Ship Shaping


Chances are that when you think of super yachts, you don’t think of Bridgeport. Yet last August, there was the newly constructed 281-foot Cakewalk, the largest private yacht ever built and launched in the United States, slipping out from the shadow of I-95 next to the still-waiting-to-be-developed Steel Point and across from abandoned Pleasure Beach, into Long Island Sound.

The craft, estimated to cost more than $82 million to build, is the proud product of the Derecktor shipyard, a 23-acre boat-building and maintenance facility on the Sound. Opened a decade  ago by the renowned builder of yachts and commercial vessels, the shipyard has produced a number of ferries, patrol boats, fireboats, tugs and oil-recovery ships in addition to high-end private boats.

“When we started in Bridgeport, the idea was to get into bigger commercial and yacht custom work because our Mamaroneck yard was too small,” says Paul Derecktor, eponymous president of the company that has also built several America’s Cup yachts, including 1987 winner Stars & Stripes ’87. “We did not think we would be building an 85-meter boat right away. Cakewalk opened the door for us to compete with the rest of the world on new- build custom yachts. That’s a huge thing for our company, but it’s also a huge thing for the rest of the industry here in the states.”

Derecktor was founded by Robert E. Derecktor, the legendary boatbuilder, yachtsman and Meriden native known for his fiery personality as much as his relentless pursuit of perfection.

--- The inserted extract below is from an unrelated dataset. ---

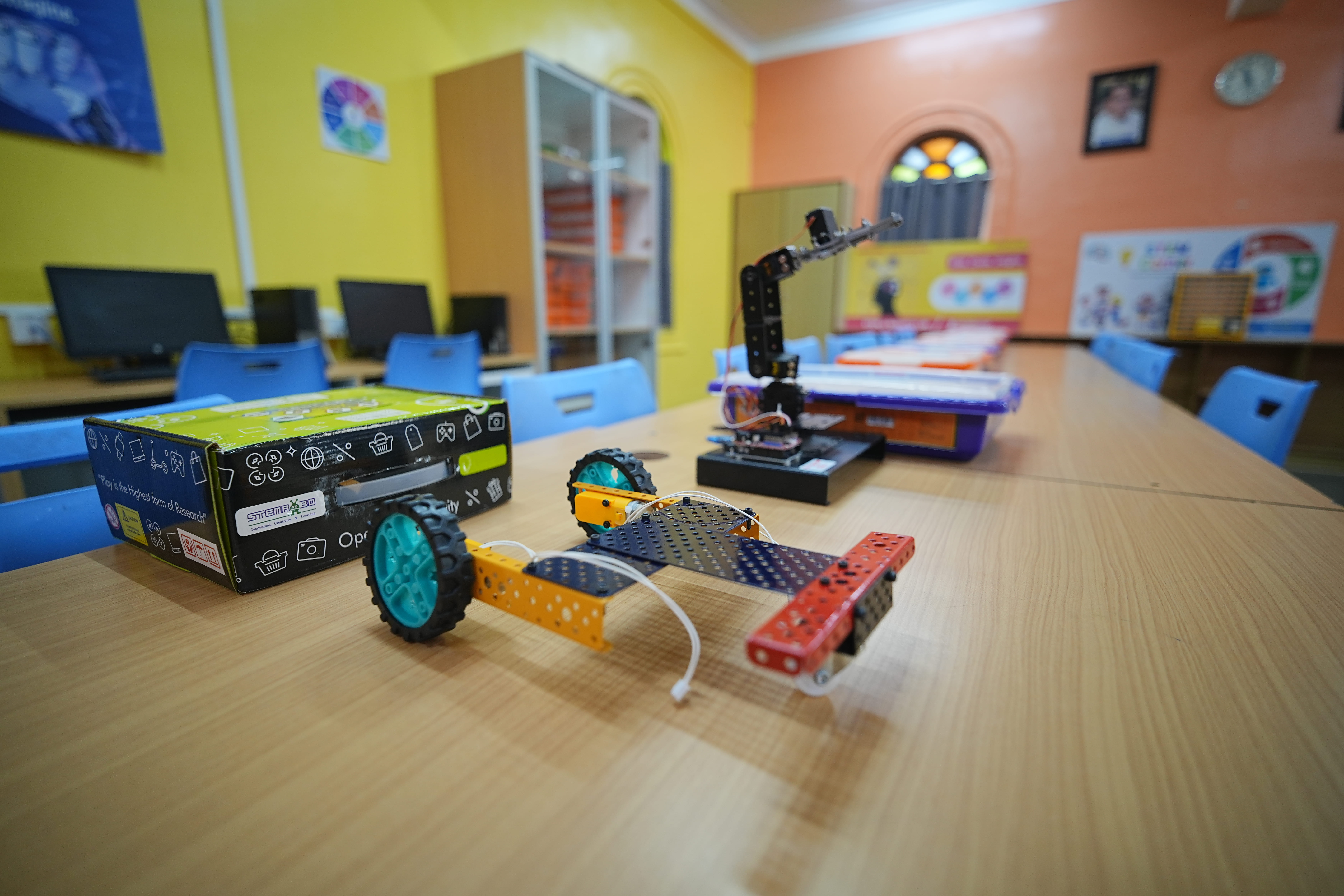 A fully equipped innovation lab in collaboration with STEMROBO, offering a structured curriculum to foster creativity and scientific thinking.

In 1946, he opened a small boat-building shop along the water in Mamaroneck, N.Y., and grew that modest operation into a multimillion-dollar ship-building and -repair empire with a yard in Dania Beach, Fla., to go with the ones in New York and Connecticut. He passed away in 2001, leaving son Paul to run the company.

Between its three shipyards, Derecktor regularly employs about 200—the amount fluctuates by yard, by season and by the volume and type of work being done. If there are larger vessels being built, the company will add up to another 250 subcontractors, workers who specialize in whatever particular aspects of the building process are needed.

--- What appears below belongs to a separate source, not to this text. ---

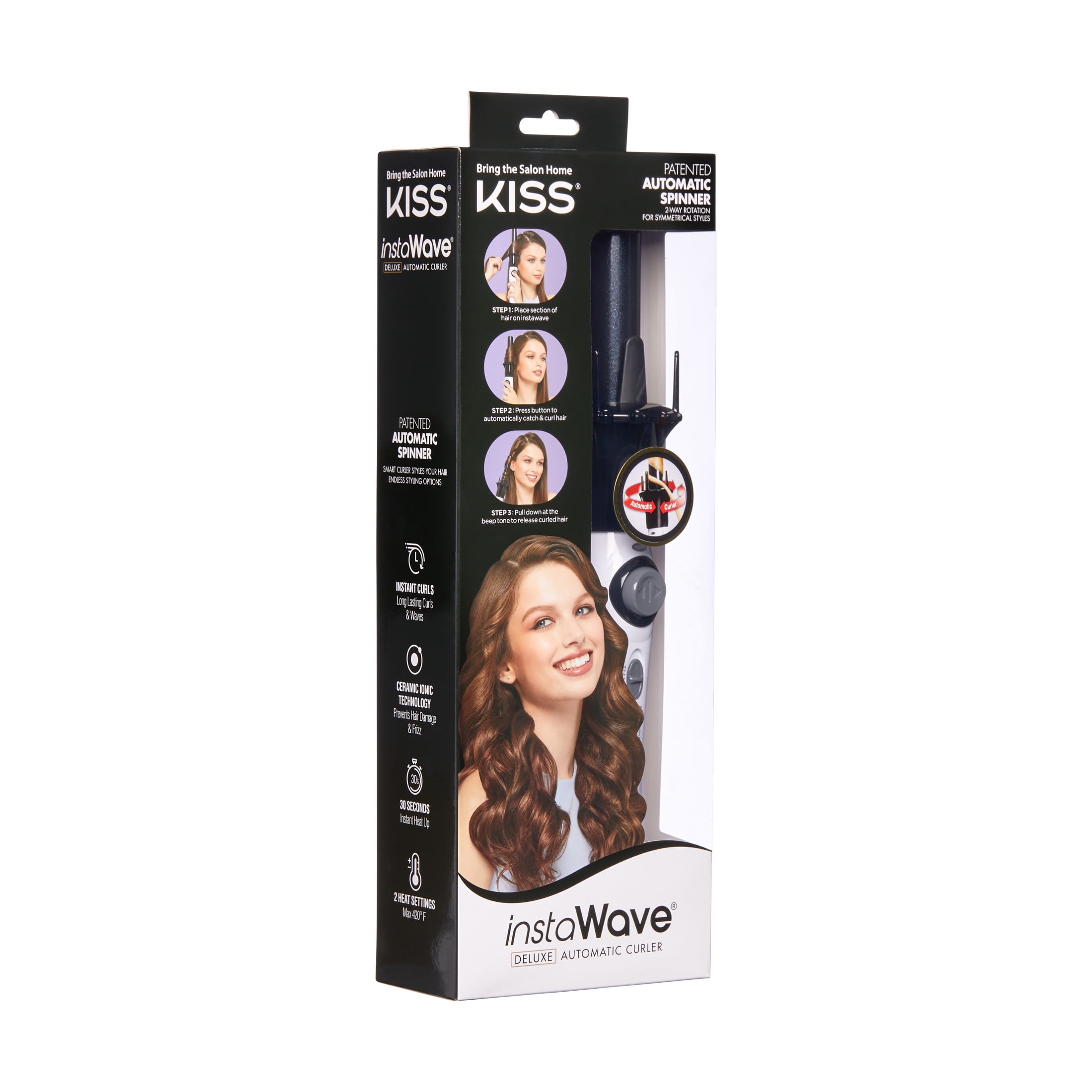 KISS Instawave Professional Ionic Ceramic Deluxe Automatic Hair Curler, Black & White

The day I visit Derecktor is warm, sunny and clear, ideal conditions to be on the water, or at least next to it. The property has a few large, hangarlike structures as well as sundry modular buildings that serve as office space. Numerous boats are up on blocks and receiving attention at different spots around the yard, including private boats, a ferry, a tug, a large catamaran and even an old steam paddleboat. In addition to boat building, a significant portion of Derecktor’s Bridgeport business is maintenance of active vessels, including refitting and painting—one of the permanent buildings here is a 150-by-70-foot climate-controlled painting booth.

Unlike some other shipbuilders, the Derecktor yard in Bridgeport has its own custom metal-fabrication facility, a long and wide building that includes a giant overhead crane that moves along tracks high on the walls; there are also dozens of individual cutting and welding stations, little pockets of spark-filled activity. Most vessels built here are constructed in modules and then fitted together like pieces of a puzzle.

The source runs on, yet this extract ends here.